Segment Start: Data extract

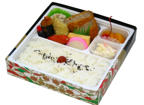
メンチカツ弁当 756円
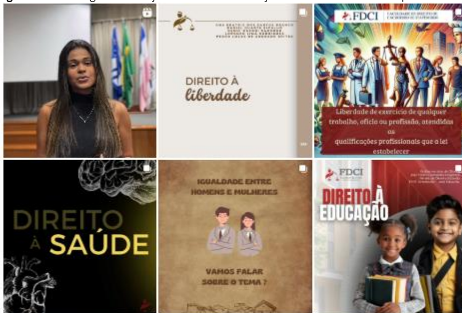
Figura 2. Perfil digital do Projeto de Curricularização da Extensão “Direito para todos!”
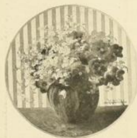
C. Koch, Vergissmeinnicht Bild 24×24 cm M. 2.50
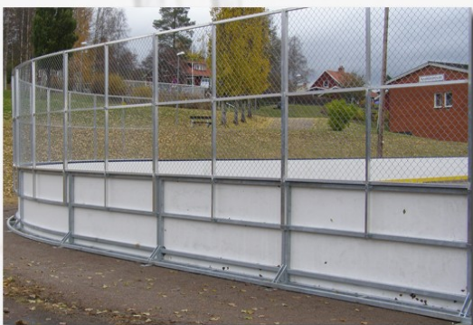
Utebana med nät & grusstöd
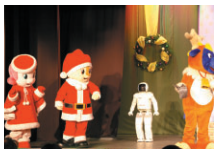
コチラファミリーとASIMOがくりひろげるクリスマスシアター

Segment End: Data extract

== What the exercise asks ==
Each line from the one with "Utebana med nät & grusstöd" through the end of the entries should be reproduced exactly. Leave out the pictures.

== Expected answer ==
Utebana med nät & grusstöd
コチラファミリーとASIMOがくりひろげるクリスマスシアター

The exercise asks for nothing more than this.